By Alex Engler
With former Senator Pete Domenici and Dr. Alice Rivlin coming to speak at Georgetown’s McNeir auditorium on Thursday (details below), it is a good time to revisit the important work of the debt-reduction duo. They have kept quite busy co-chairing a task force sponsored by the Bipartisan Policy Center that just released its second report. The report is an update to a paper published in November 2010, just seven days after the President’s Commission on Fiscal Responsibility and Reform—led by Alan Simpson and Erskine Bowles—unveiled its budget plan. For the last two years, Rivlin-Domenici and Simpson-Bowles have been the driving forces in the debt reduction conversation.
With good reason, too. Both reports widen the discussion beyond Washington’s platitudes and bring to the table reasoned takes on debt reduction. They are not the same, however. The Center for Budget and Policy Priorities, a respected think tank and DC’s leading advocate for impoverished Americans, called the Domenici-Rivlin report “superior to Simpson-Bowles in most areas” specifically praising its more generous Social Security plans, more lenient treatment of discretionary spending, and more balanced scale between spending reduction and revenue increases.
Domenici-Rivlin 2.0 boasts stabilizing the publicly held debt at sixty percent of GDP and balancing the primary budget (meaning the budget not including interest payments) by 2014. Those are both very appealing numbers and signal an aggressive plan to address the debt. While Senator Domenici has been adamant in advocating for the plan as a holistic remedy that cannot be adopted in pieces, given the tax deal signed by Barack Obama’s autopen on January 3, the prospect for complete adoption is unclear.
The report leads with a one-year holiday from the payroll tax for employers and employees. You may notice that this does nothing to address the deficit, and in fact it exacerbates it to the tune of $120 billion. The paper notes that the Congressional Budget Office estimates this would create between 2.5 and 7 million jobs, and although this tax holiday may be an effective economic stimulus, it may also make the pill of deficit reduction easier to swallow for the American public.

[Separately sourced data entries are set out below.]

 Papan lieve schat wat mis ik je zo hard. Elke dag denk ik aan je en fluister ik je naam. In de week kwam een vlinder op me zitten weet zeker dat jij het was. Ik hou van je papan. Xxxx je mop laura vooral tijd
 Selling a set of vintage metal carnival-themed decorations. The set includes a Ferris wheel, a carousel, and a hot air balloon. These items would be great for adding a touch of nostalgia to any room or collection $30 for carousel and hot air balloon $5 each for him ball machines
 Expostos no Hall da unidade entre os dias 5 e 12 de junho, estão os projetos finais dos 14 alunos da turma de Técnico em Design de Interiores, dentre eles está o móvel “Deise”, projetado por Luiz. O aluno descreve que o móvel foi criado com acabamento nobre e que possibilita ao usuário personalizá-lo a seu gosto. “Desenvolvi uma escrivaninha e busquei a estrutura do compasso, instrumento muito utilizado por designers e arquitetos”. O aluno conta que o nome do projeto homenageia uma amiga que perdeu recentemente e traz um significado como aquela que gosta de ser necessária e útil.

It is no small pill, either. A 6.5 percent value added tax (VAT), which to consumers is functionally identical to a sales tax like those in place in most states and many localities. Iowa has the median rate for state and local sales tax, with a combined rate of 6.8 percent, so the VAT would be tantamount to doubling the tax added for purchases. In turn, however, income taxes would drop for most Americans, and the number of tax brackets would be reduced from the current six to just two: 15 percent for individuals up to $50,000 and couples up to $100,000 and 28 percent for everything above that. The plan also includes capital gains and dividends as normal income, ending the preferred status they enjoy now.
After a slew of other changes including making childcare credits (slightly) more generous, limiting deductions, and lowering the corporate tax rate to 28 percent, the proposed tax system could be more progressive than the one we have in place today. It also raises more money, and, according to the Tax Policy Center, would only require half of all households to file annual tax returns.

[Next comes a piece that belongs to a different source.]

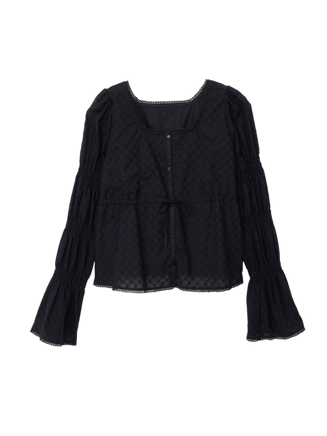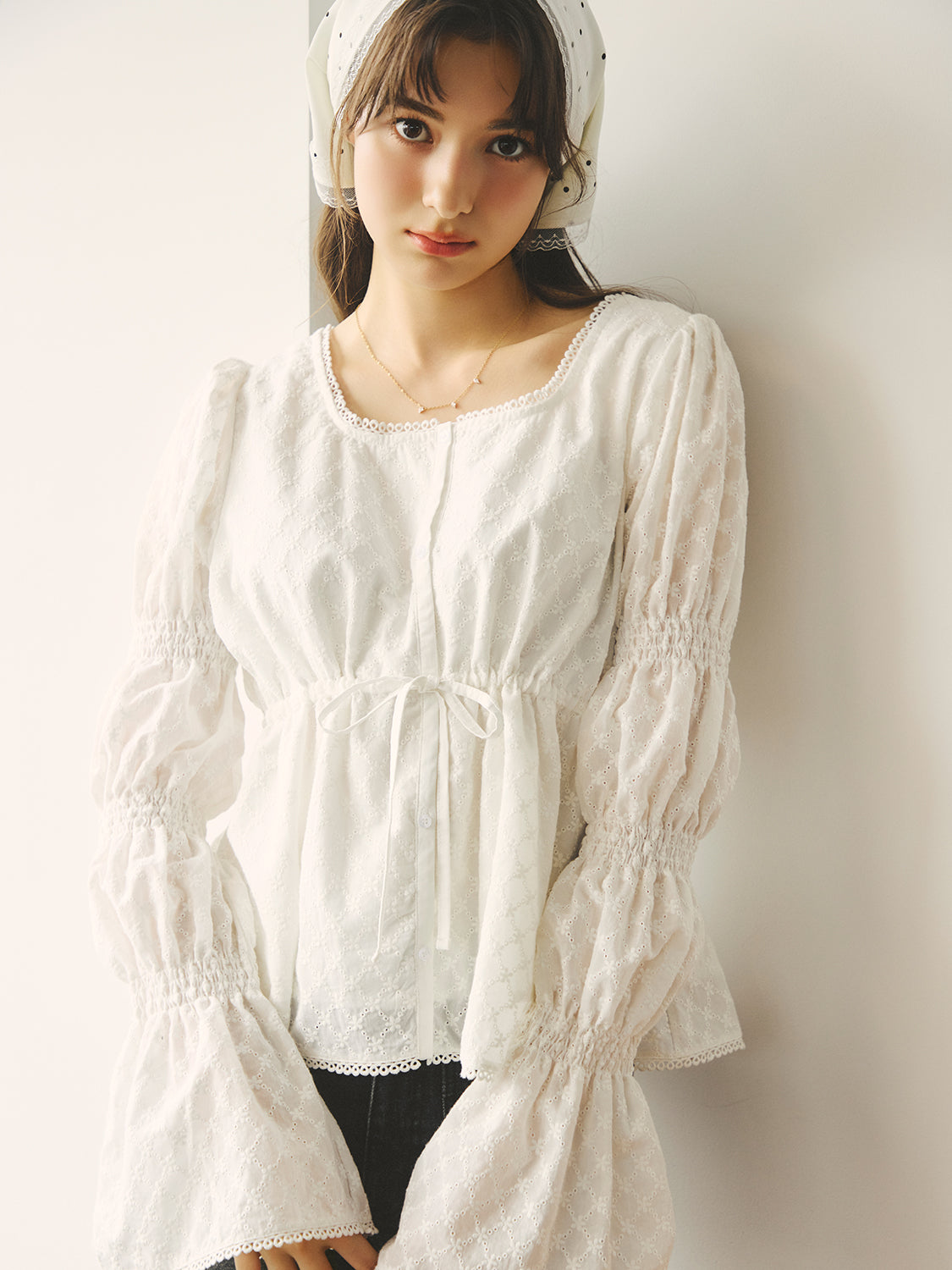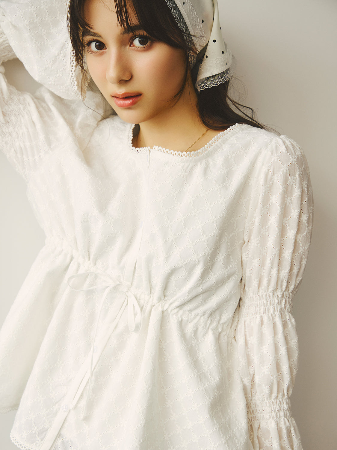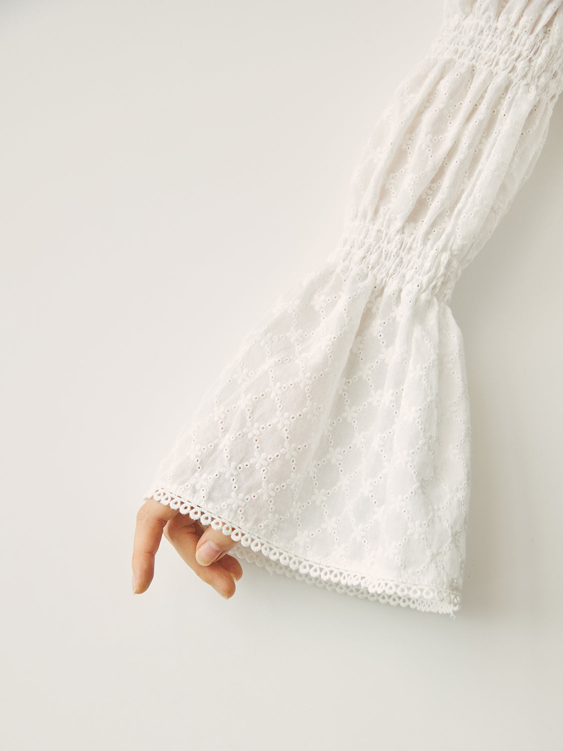 アイレット刺繍が施されたコットン100%のブラウス生地を使用。
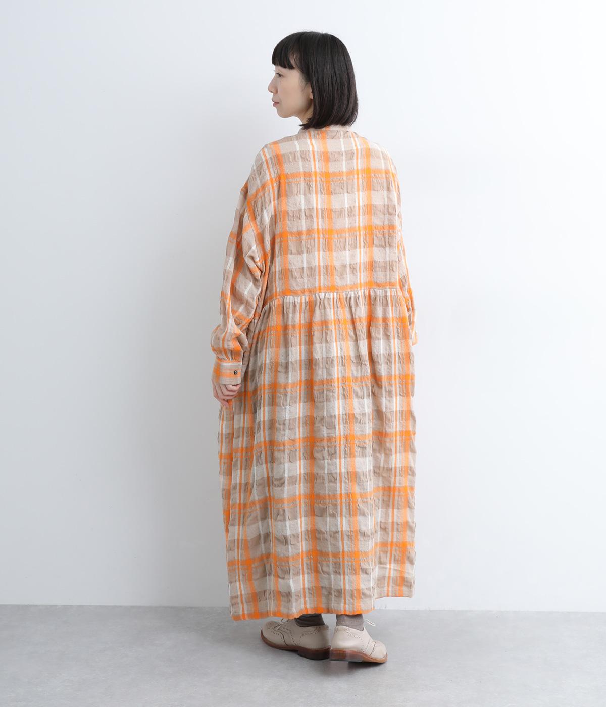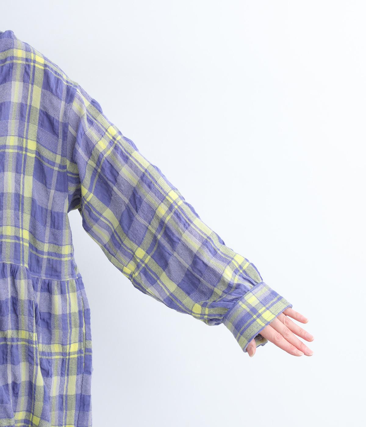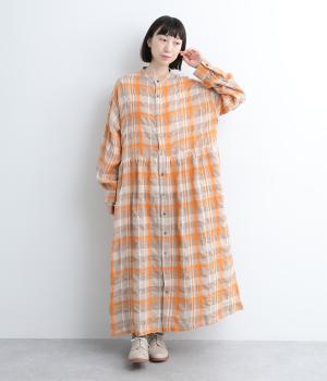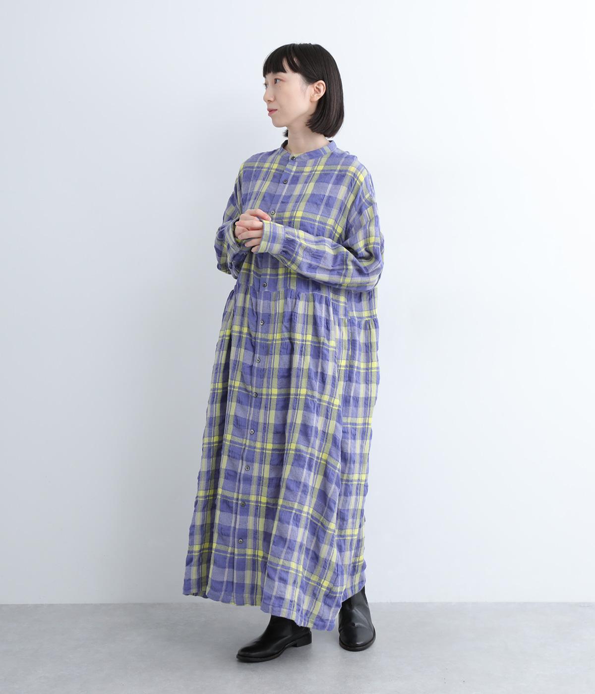 やさしい印象の生地感にぴったりな、ゆとりのあるリラックス仕様なワンピース。チェック柄を活かした大判なつくりで、シンプルな一枚着でも存在感を発揮。ボタンをあけてガウンのように羽織れば、ラフスタイルも一気に華やかに魅せてくれます。

Domenici-Rivlin also touches on Social Security, most notably with regard to the cap on income eligible for payroll taxes. Right now, all Americans contribute 6.2 percent of the first $110,000 of their income to payroll (aka FICA) taxes that fund Social Security and Medicare. Over 36 years (from 2014 to 2050), the plan would raise that cap so it would encompass 90 percent of all income earned. The cap would obviously be substantially higher, though the report does not specify exactly how high. They would also change the calculation of cost of living adjustments, a proposal that Georgetown’s own Jason Fichtner has discussed extensively, which amounts to a small reduction in payments.
The Medicare proposal remains one of the more controversial of the plan, with the creation of a Medicare exchange that allows for private plans to compete with the current public options. The plan also proposes an out-of-pocket maximum payment that would prevent one-time health care costs from financially crippling a Medicare beneficiary, a valuable idea that has been conspicuously absent from the debate.
This is just the tip of the iceberg (they propose a one-cent per-ounce soda tax too) of an ambitious and fascinating perspective on how to solve one of the most complex issues facing the United States. If you have made it through this, then you will enjoy Dr. Rivlin and Senator Domenici Thursday night, who are going to be even more compelling in person. We hope to see you there.
More About the Event:
Debt Reduction Revisted: A Conversation on Policy and Politics, will take place on January 10, 2013 at 7:00pm, at Georgetown University’s McNeir Auditorium. Please RSVP to Senior Marketing Director Lauren Barth if you wish to attend.
This was an interesting read, and I feel more informed for the conversation tomorrow. I am still curious about the VAT tax after reading this article, and would love to know more; is there a resource you would recommend?
As I understand from your explanation, states with sales tax would add 6.5% to their current tax. So, D.C. would shift from 10% to 16.5%?